Directions:
Each line in the material below, starting at the one with "Švajčiarsky farmaceutický gigant" and ending at the one with "Cumhurbaşkanı Recep Tayyip", is to be reproduced exactly; no picture is to be copied.

Source data:
____

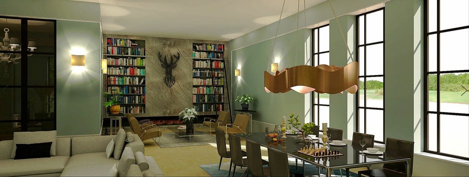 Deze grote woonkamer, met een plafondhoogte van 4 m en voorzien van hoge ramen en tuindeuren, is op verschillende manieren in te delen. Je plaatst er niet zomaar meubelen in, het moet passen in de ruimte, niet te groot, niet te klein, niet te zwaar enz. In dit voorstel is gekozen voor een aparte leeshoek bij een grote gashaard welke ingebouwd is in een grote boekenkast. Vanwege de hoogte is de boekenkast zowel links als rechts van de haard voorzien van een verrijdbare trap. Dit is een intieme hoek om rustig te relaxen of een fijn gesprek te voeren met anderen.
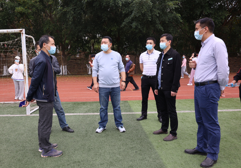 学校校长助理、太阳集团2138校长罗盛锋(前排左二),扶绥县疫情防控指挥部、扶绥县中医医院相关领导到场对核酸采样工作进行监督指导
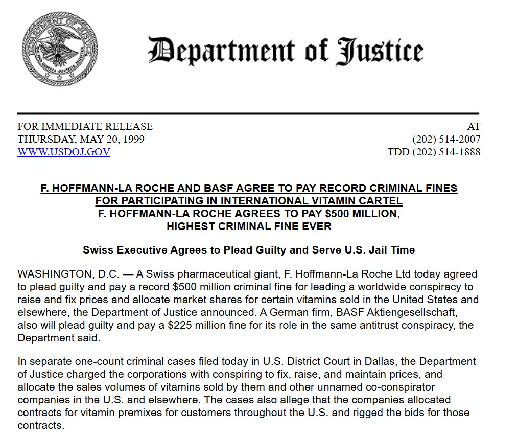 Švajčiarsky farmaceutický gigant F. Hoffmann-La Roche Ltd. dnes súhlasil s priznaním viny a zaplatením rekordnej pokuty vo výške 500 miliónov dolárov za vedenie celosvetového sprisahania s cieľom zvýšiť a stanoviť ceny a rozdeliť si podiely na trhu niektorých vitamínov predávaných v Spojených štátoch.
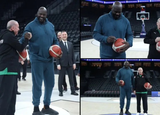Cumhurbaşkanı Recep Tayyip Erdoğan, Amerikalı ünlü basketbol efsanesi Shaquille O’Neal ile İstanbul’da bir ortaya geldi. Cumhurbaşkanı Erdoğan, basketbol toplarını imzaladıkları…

____

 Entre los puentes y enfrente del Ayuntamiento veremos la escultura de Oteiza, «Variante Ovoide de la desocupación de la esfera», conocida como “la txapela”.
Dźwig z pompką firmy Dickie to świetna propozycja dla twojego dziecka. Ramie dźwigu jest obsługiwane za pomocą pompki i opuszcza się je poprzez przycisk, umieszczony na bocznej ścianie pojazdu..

____

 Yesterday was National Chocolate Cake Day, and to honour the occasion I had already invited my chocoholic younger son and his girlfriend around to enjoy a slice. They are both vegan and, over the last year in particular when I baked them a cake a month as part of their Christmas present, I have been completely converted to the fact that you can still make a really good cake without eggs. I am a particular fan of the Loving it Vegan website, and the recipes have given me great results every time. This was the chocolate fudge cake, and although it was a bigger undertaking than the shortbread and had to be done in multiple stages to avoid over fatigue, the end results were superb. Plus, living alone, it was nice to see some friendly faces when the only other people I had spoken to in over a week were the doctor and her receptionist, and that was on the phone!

____

Problem solution:
 Švajčiarsky farmaceutický gigant F. Hoffmann-La Roche Ltd. dnes súhlasil s priznaním viny a zaplatením rekordnej pokuty vo výške 500 miliónov dolárov za vedenie celosvetového sprisahania s cieľom zvýšiť a stanoviť ceny a rozdeliť si podiely na trhu niektorých vitamínov predávaných v Spojených štátoch.
Cumhurbaşkanı Recep Tayyip Erdoğan, Amerikalı ünlü basketbol efsanesi Shaquille O’Neal ile İstanbul’da bir ortaya geldi. Cumhurbaşkanı Erdoğan, basketbol toplarını imzaladıkları…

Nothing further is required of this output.